What You Need to Know
- In the past year, rich individuals, family offices and financial advisors have become more cautious about tying up money in assets that are hard to trade and value.
- At UBS Group, some advisors have been reducing exposure to the Blackstone Real Estate Income Trust, for instance.
- Still, through October, a major share class of the fund delivered 9.3% net returns. That compares to 13.3% one-year returns.
Blackstone Inc.’s $69 billion real estate fund for wealthy individuals said it will limit redemption requests, one of the most dramatic signs of a pullback at a top profit driver for the firm and a chilling indicator for the property industry.
Blackstone Real Estate Income Trust Inc. has been facing withdrawal requests exceeding its quarterly limit, a major test for the one of the private equity firm’s most ambitious efforts to reach individual investors.
The news, in a letter Thursday, sent Blackstone stock falling as much as 10%, the biggest drop since March.

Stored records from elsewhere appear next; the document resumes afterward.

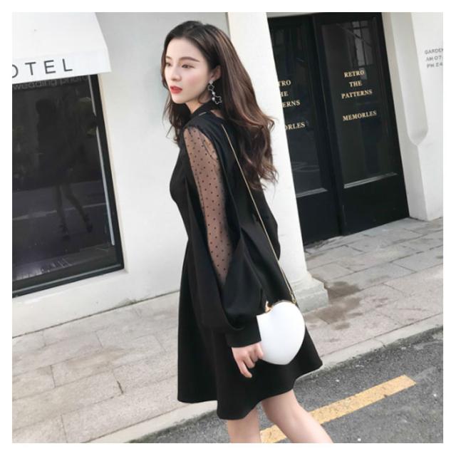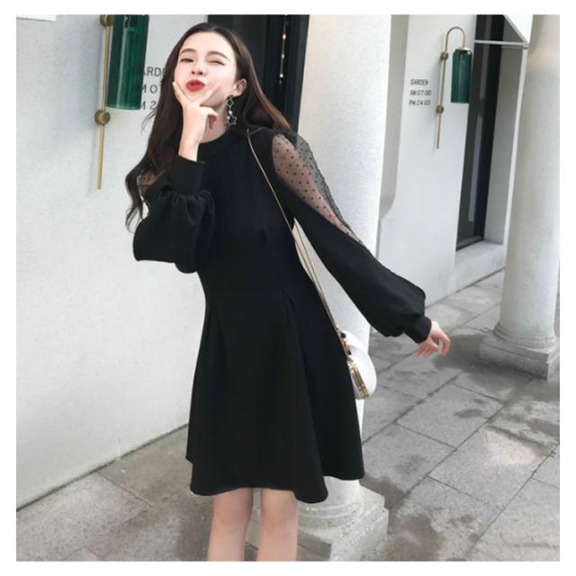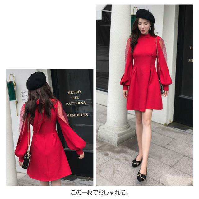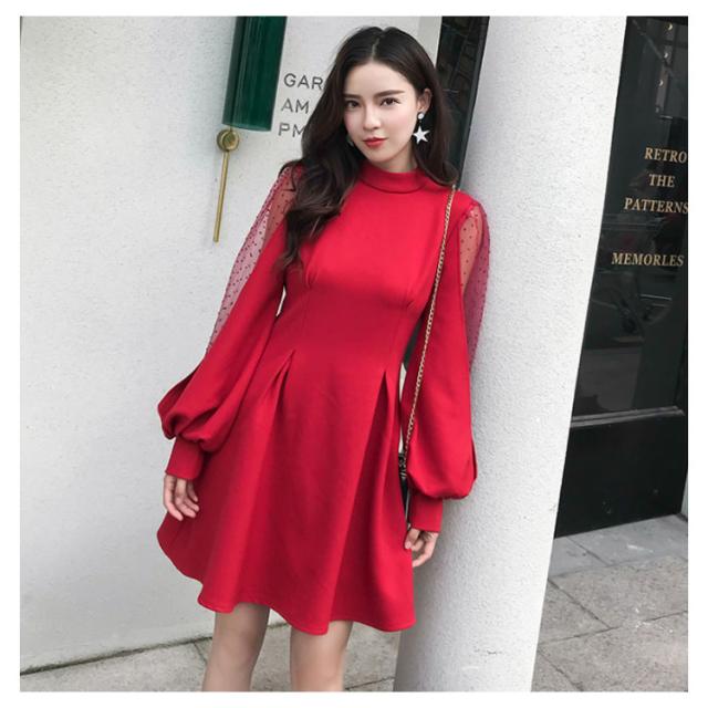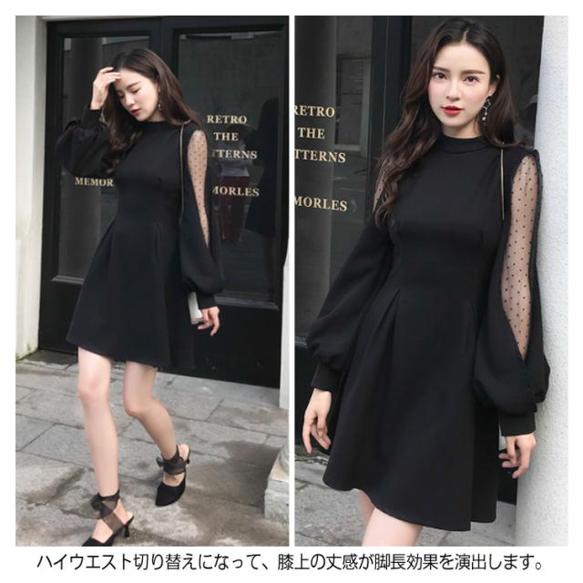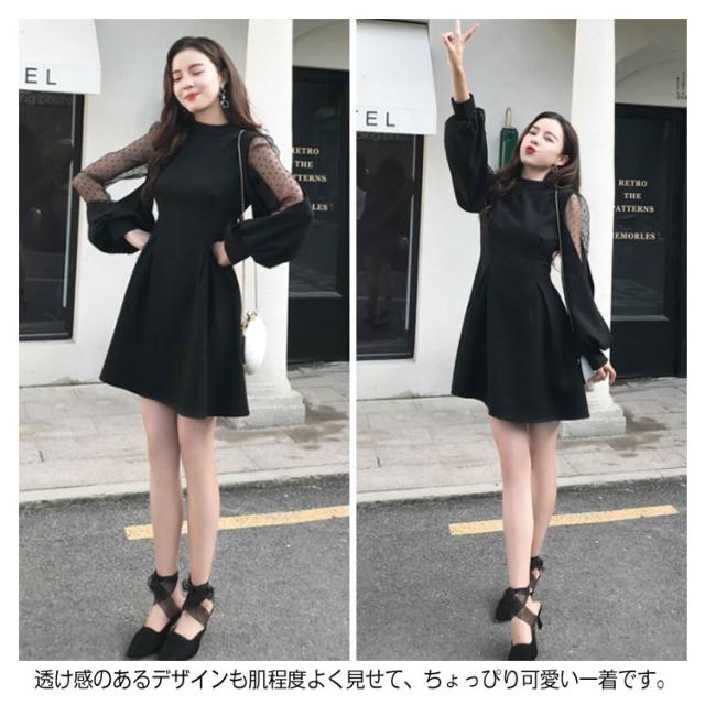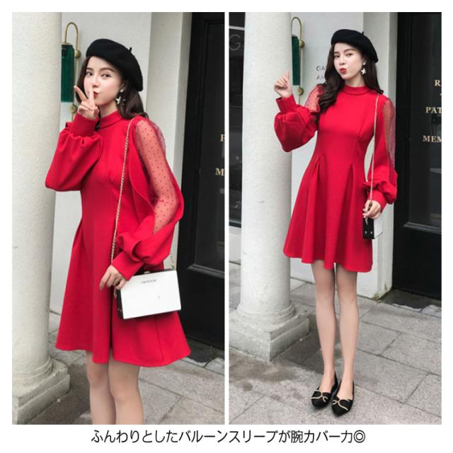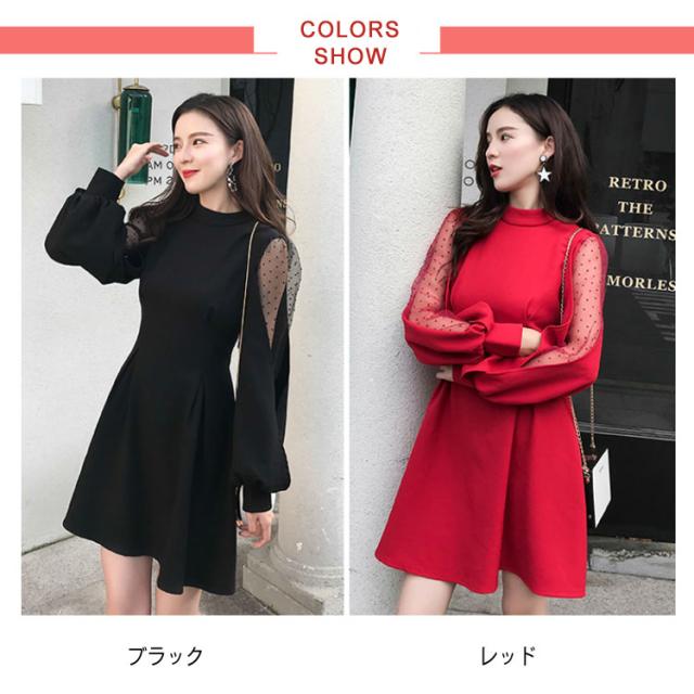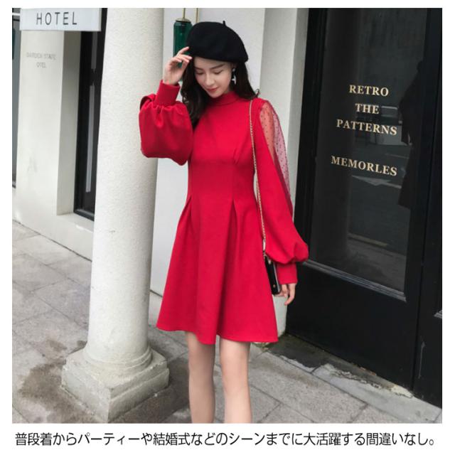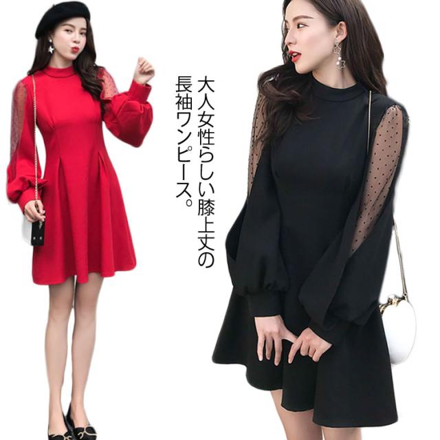 ワンピース バルーンスリーブ 長袖ワンピース バルーンスリーブワンピース 袖透け ワンピース ふんわり 可愛い ハイウエスト パーティードレス 膝上丈 パーティー 結婚式 美脚 春 夏送料無料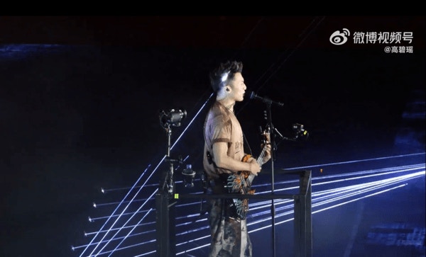 謝霆鋒在台上邊彈邊唱《潛龍勿用》時,舞台的鐳射光束多次射中佢嘅頭部。(微博圖片)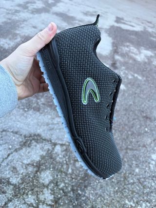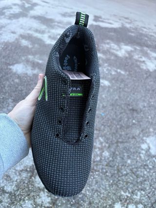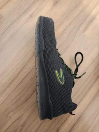 Zapato de seguridad con un diseño moderno y detalles en verde. - Material exterior de malla transpirable. - Suela de goma antideslizante. - Puntera reforzada para mayor protección. - Cierre de cordones. - nuevos a estrenar, por no poder cambiar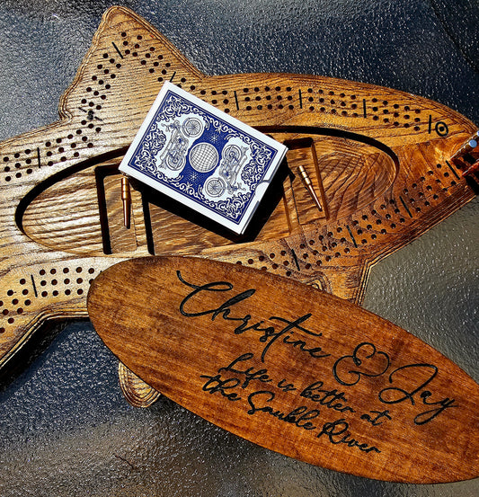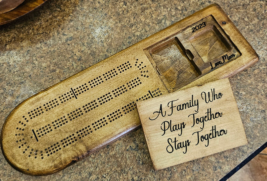 Solid Maple 2 Player Crib Board with Personalized Lid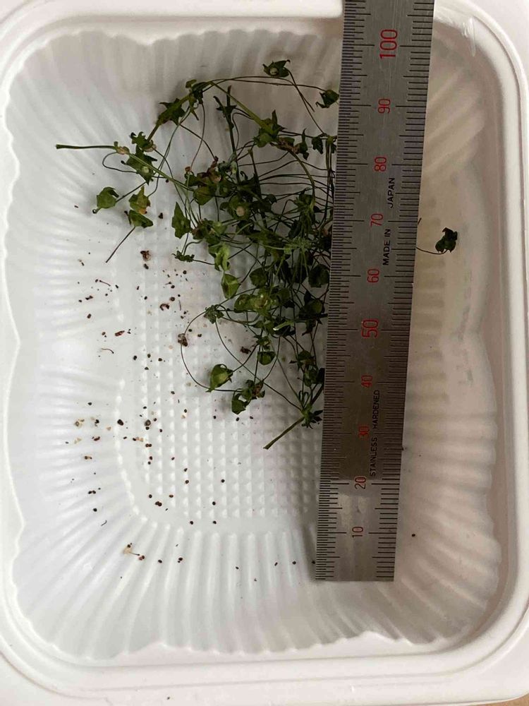 まだ緑だから放置してたけど、種が落ちた後みたいなガクがあった。切って乾かしてたらポロポロ落ちてる。種か土埃か分からんほど細かい。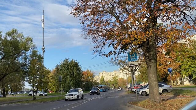 Рекламные прицепы на городских парковках вдоль улиц Москвы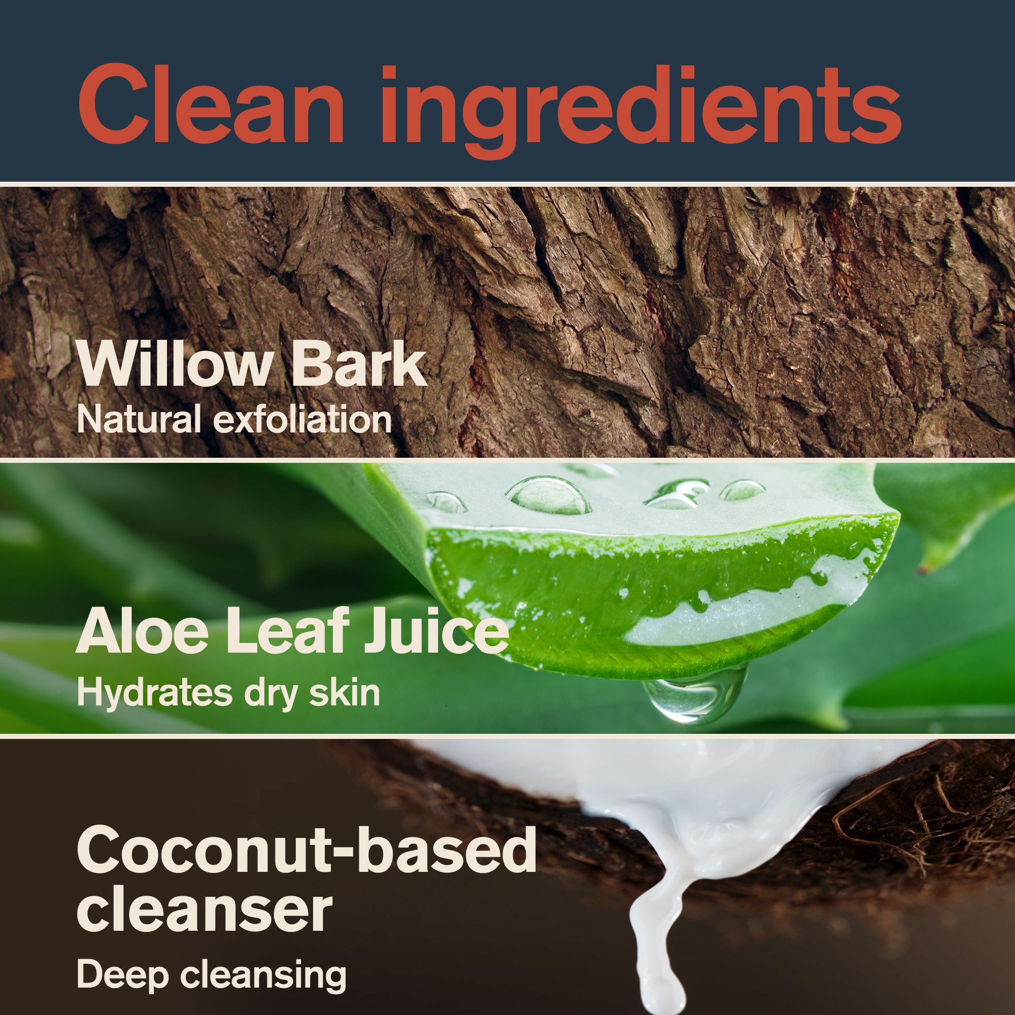 | Ingredients Statement | Water/Eau, Sodium Coco-Sulfate, Hydrated Silica, Caprylyl/Capryl Glucoside, Glycerin, Cocamidopropyl Betaine, Acrylates Copolymer, Salix Alba (Willow) Bark Extract, Cocos Nucifera (Coconut) Shell Powder, Aloe Barbadensis Leaf Juice, Polyquaternium-10, Polyquaternium-7, Potassium Sorbate, Tetrasodium Glutamate Diacetate, Citric Acid, Sodium Chloride, Sodium Hydroxide, Ethylhexylglycerin, Chlorphenesin, Phenoxyethanol, Fragrance/Parfum, Limonene |
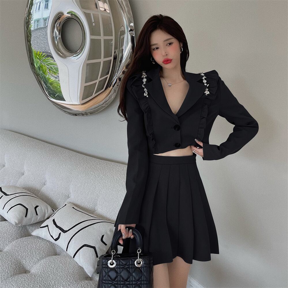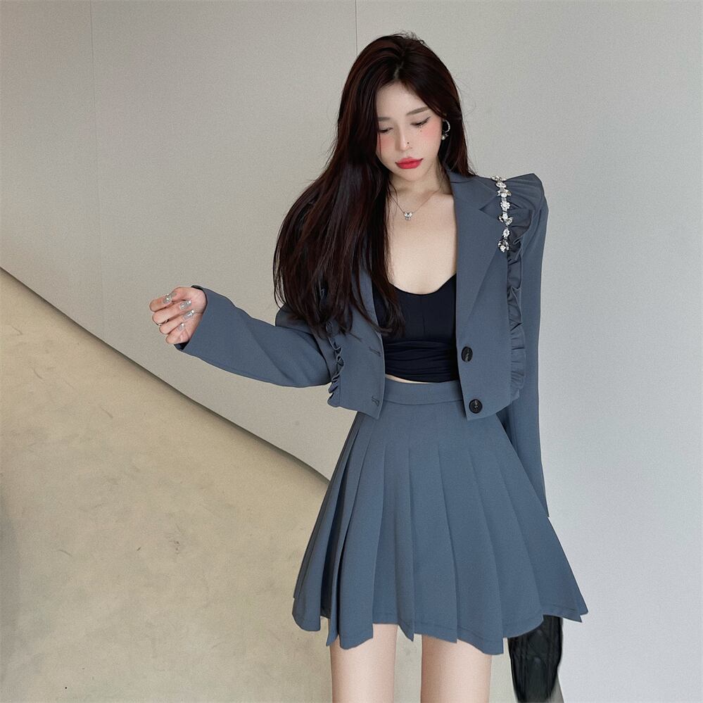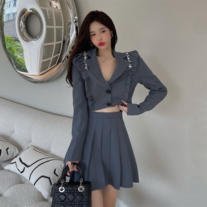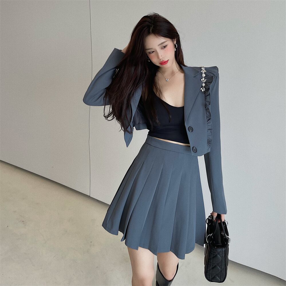 色:グレーのスーツ,黒いスーツ,グレープリーツスカート,ブラックプリーツスカート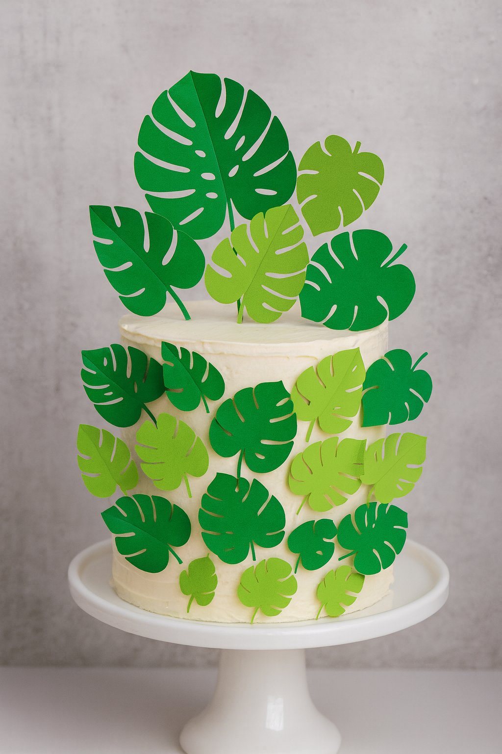 Incluye un set completo de más de 20 diseños diferentes de hojas Monstera, ideales para decorar tortas, centros de mesa, arreglos, toppers, fondos selváticos y proyectos creativos.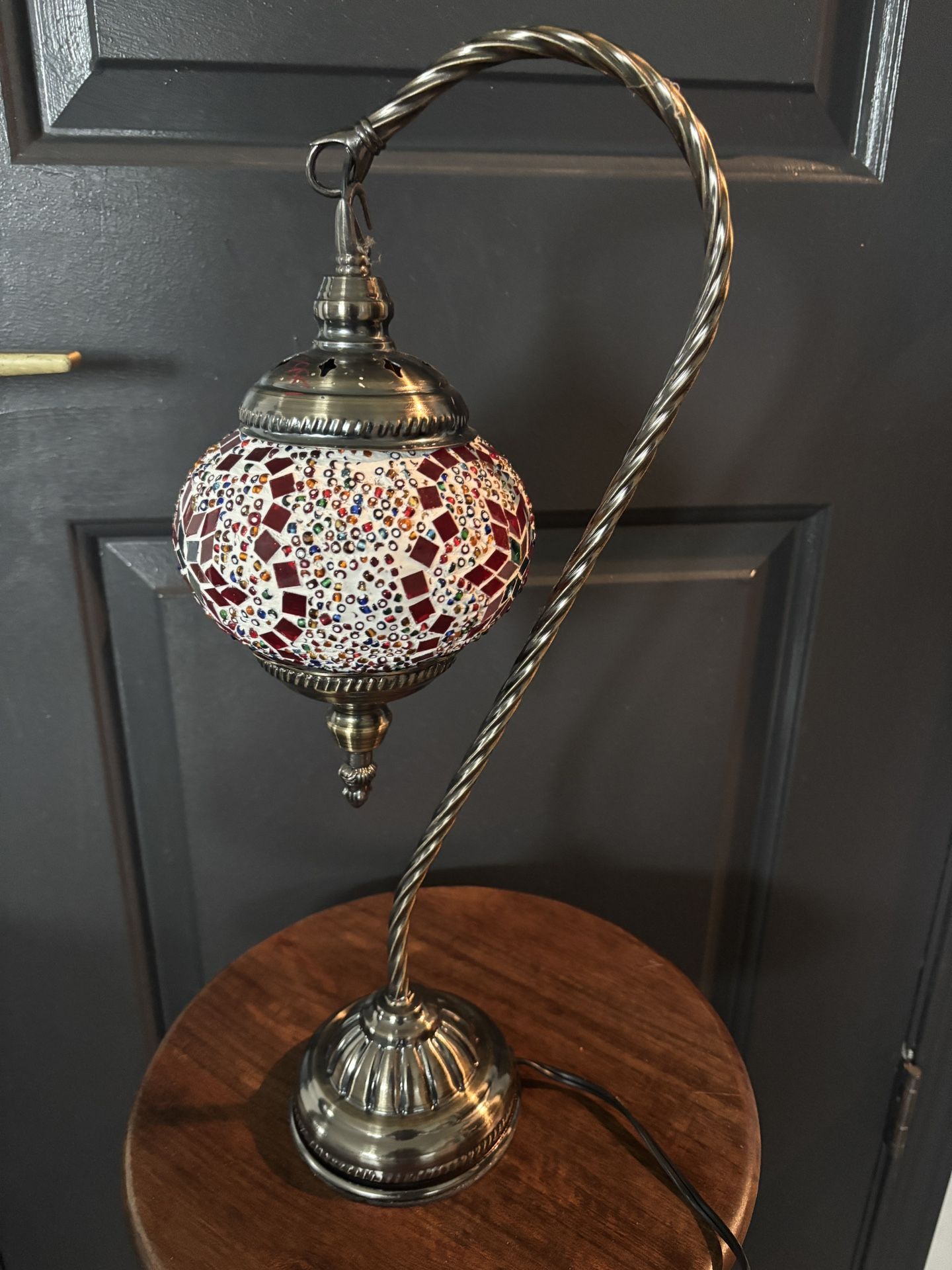 Entire lamp 18"L Mosaic Ball Ball 5xx41/2L" Beautiful and intricate home décor piece that can elevate any room. Handcraft from glass, these lamps often feature colorful geometric patterns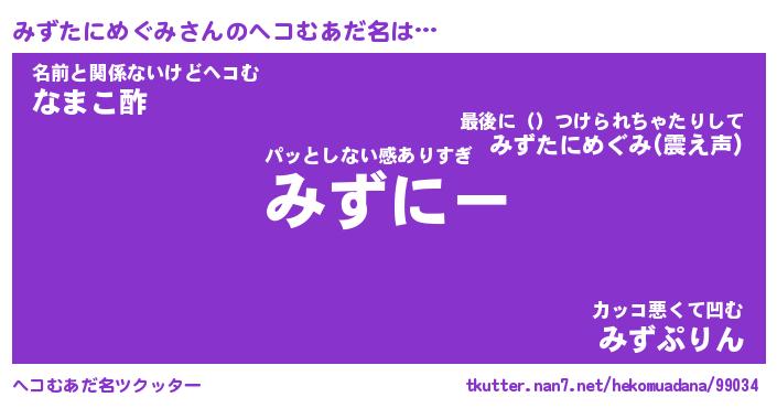 | ポケモン風あだ名 | 『ミズチュウ』『ミズタダネ』 |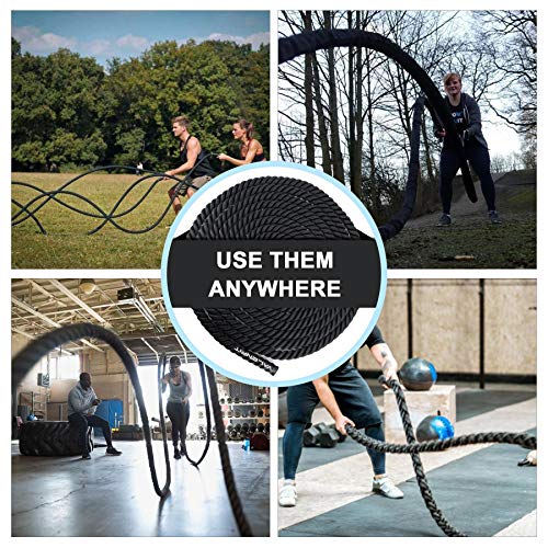 • 2020 UPGRADE BATTLE ROPE -The ropes material, 100% DACRON is durable without being stiff. Heavy-duty coated handles to protect your hands and give you a secure grip for all training and exercises! Made of high-strength grade industrial polyester so you can use on concrete. The battle rope is 3-STRAND TWISTED DESIGN with a high tensile strength that prevents breaking, fraying, or coming to lose.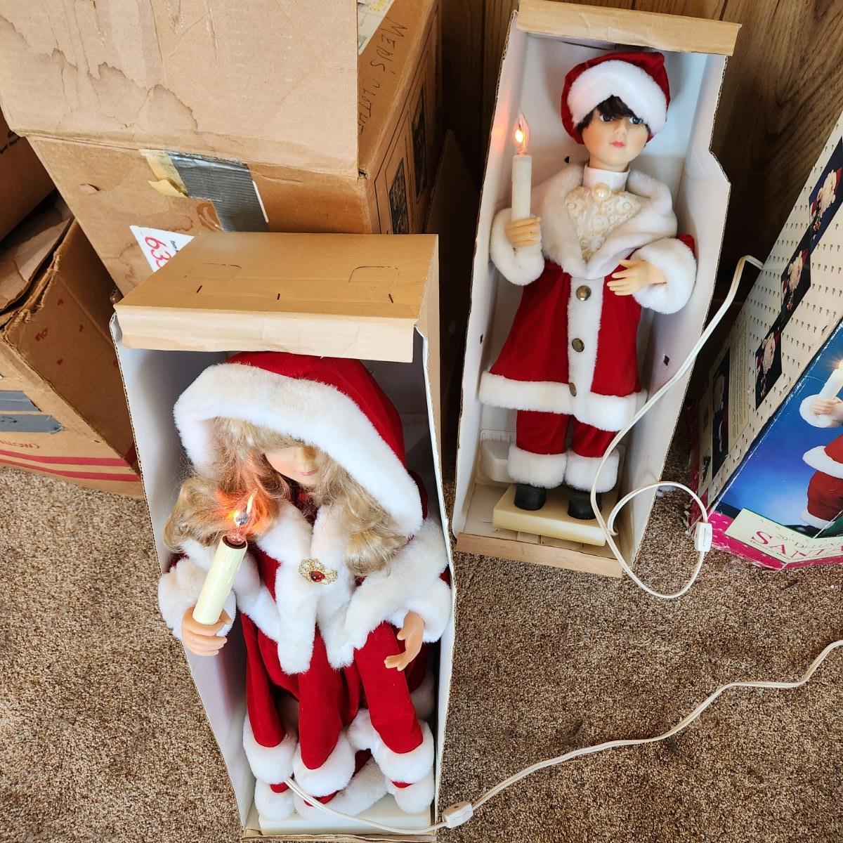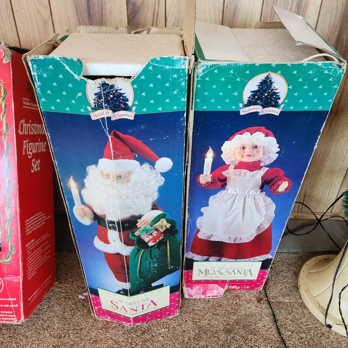 4 Animated Christmas Holiday Figurines Boy Girl Mr. Christmas 29" Santa and 27"Mrs Santa Tested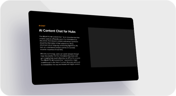 AI CHAT AI Content Chat for Hubs The RELAYTO AI Content Chat ™ is an innovative tool that enables users to efficiently search for information in a document, find relevant content, and answer questions about the information in their experience. Using advanced natural language processing algorithms, the tool can understand complex queries and provide accurate responses in real-time. With this technology, users can easily navigate through large documents, find the information they need, and gain insights that would otherwise be difficult to uncover. The RELAYTO AI Content Chat ™ represents a major breakthrough in the field of content discovery and is set to revolutionize the way we interact with digital content.

“Our business is built on performance, not fund flows, and performance is rock solid,” a Blackstone spokesperson said, adding that BREIT’s concentration in rental housing and logistics in the Sun Belt leaves it well positioned going forward.
This year, the fund has piled into more than $20 billion worth of swaps contracts through November to counteract rising rates.
The fund became a behemoth in the real estate industry since its start in 2017, snapping up apartments, suburban homes and dorms and growing rapidly in an era of ultra-low interest rates as investors chased yield.
Now, soaring borrowing costs and a cooling economy are rapidly changing the landscape for the fund, causing BREIT to caution that it could limit or suspend repurchase requests going forward.
Blackstone’s creation of BREIT cast a spotlight on the space for nontraded real estate investment trusts. Unlike many real estate investment trusts, BREIT’s shares don’t trade on exchanges. It has thresholds on how much money investors can take out to avoid forced selling.
This means if too many people head for the exits, its fund board can opt to restrict withdrawals or raise its limits. BREIT said requests have exceeded the 2% of the net asset value monthly limit and 5% of the quarterly threshold.
“If BREIT receives elevated repurchase requests in the first quarter of 2023, BREIT intends to fulfill repurchases at the 2% of NAV monthly limit, subject to the 5% of NAV quarterly limit,” BREIT said in a letter Thursday.
Blackstone’s top executives have bet big on the fund. Bloomberg reported last month that President Jon Gray had put $100 million more of his own money in BREIT since July, as had Chief Executive Officer Steve Schwarzman, a person familiar with the matter said at the time.